Um Fluoreszenzmessungen zu verbessern, wird die Vorrichtung mit einem Polyethylenglykolsilan vorbeladen, um eine Oberflächenpassivierung zu erreichen. Ein Streptavidin mit einem längeren Arm vor seiner Bindungsstelle für Biotin hilft ein Auslöschen von Fluorescein zu vermeiden.

Claims

Verfahren zur Extraktion von wenigstens einem Teil von gewünschten Teilchen aus einem Probenstrom, der die gewünschten Teilchen umfasst, wobei das Verfahren die Schritte umfasst: a. Einführen des Probenstroms in den Probenstromeinlass einer Extraktionsvorrichtung, wobei die Vorrichtung überdies umfasst (i) einen Extraktionsstromeinlass; (ii) einen Extraktionskanal in Fluidverbindung mit dem Probenstromeinlass und dem Extraktionsstromeinlass zum Aufnehmen eines Extraktionsstroms in angrenzender laminarer Strömung mit dem Probenstrom; (iii) einen Nebenproduktstromauslass in Fluidverbindung mit dem Extraktionskanal zum Aufnehmen eines Nebenproduktstroms, der wenigstens einen Teil des Probenstroms umfasst, aus dem gewünschte Teilchen extrahiert worden sind; und (iv) einen Produktauslass in Fluidverbindung mit dem Extraktionskanal zum Aufnehmen eines Produktstroms, der wenigstens einen Teil der gewünschten Teilchen umfasst; und b.
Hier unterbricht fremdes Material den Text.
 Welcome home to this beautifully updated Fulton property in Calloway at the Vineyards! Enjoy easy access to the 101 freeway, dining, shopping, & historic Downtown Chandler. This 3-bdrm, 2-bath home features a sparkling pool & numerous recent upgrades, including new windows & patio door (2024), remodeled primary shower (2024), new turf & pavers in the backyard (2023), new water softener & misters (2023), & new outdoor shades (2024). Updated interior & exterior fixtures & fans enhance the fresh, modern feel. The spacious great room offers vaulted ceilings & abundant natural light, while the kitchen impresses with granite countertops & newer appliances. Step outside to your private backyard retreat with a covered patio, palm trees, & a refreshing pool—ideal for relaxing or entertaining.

Einführen eines Extraktionsstroms in den Extraktionskanal, wobei der Extraktionsstrom, der wenigstens einen Teil der gewünschten Teilchen umfasst, die Vorrichtung als Produktstrom durch den Produktauslass verlässt, und der Probenstrom, aus dem gewünschte Teilchen extrahiert worden sind, die Vorrichtung als Nebenproduktstrom durch den Nebenproduktstromauslass verlässt; dadurch gekennzeichnet, dass a. der Probenstrom mit dem Extraktionsstrom mischbar ist; und b. der Extraktionsstrom ein Sequestriermaterial enthält, welches ein Ligand für die gewünschten Teilchen ist, der auf einem Substrat immobilisiert ist, so dass das Sequestriermaterial im Wesentlichen nicht in den Probenstrom diffundierend ist, wobei die gewünschten Teilchen durch das Sequestriermaterial eingefangen werden.
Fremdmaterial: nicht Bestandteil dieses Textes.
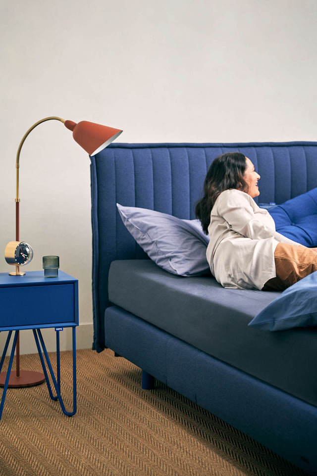 Das Original ist ein reichhaltig gefülltes Boxspringbett: Die Box besteht aus einer Spiralunterfederung und Taschenfedern. Die auping Unterfederung ist zu 80 % offen, wodurch das Boxspringbett sehr gut belüftet wird. Die Taschenfedern sowohl in der Box als auch in der Matratze sorgen dafür, dass Du Dich nachts leicht drehen kannst und im Schlaf gut gestützt wirst. Das Boxspringbett Original ist auch in einer teilbaren Variante erhältlich: ein komplettes 2-Personen-Boxspringbett, bei dem beide Teile leicht auseinander- und zusammengeschoben werden können, da wir die Beine mit Rollen versehen. Auf diese Weise wird guter Schlaf auch zu nützlichem Schlaf.

Verfahren nach Anspruch 1, wobei das Sequestriermaterial mit den gewünschten Teilchen wechselwirken kann, so dass der Nachweis der gewünschten Teilchen ermöglicht wird.
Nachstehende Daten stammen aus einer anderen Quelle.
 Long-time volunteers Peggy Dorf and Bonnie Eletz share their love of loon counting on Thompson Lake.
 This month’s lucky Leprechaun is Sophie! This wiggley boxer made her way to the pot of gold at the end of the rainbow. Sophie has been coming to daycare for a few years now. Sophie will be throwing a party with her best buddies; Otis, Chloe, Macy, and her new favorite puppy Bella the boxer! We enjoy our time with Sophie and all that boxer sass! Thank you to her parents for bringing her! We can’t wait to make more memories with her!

Verfahren nach Anspruch 1, wobei das Sequestriermaterial die gewünschten Teilchen freisetzen kann, so dass ihre Analyse nach der Extraktion aus dem Probenstrom ermöglicht wird.
Verfahren nach Anspruch 1, wobei das Produkt mehr als 50% der gewünschten Teilchen in dem Probenstrom enthält.
Verfahren nach Anspruch 1, wobei das Produkt mehr als 75% der gewünschten Teilchen in dem Probenstrom enthält.
Verfahren nach Anspruch 1, wobei im Wesentlichen alle gewünschten Teilchen aus dem Probenstrom entfernt werden.
Verfahren nach Anspruch 1, wobei der Probenstrom Blut ist und die gewünschten Teilchen Toxinteilchen sind.
Verfahren nach Anspruch 1, wobei die gewünschten Teilchen Teilchen aus einer Substanz sind, welche die Analyse des Probenstroms stört.
Verfahren nach Anspruch 1, wobei das Sequestriermaterial Polymerperlen umfasst.
Verfahren nsch Anspruch 1, wobei das Sequestriermaterial ein Enzym umfasst, welches an die gewünschten Teilchen bindet.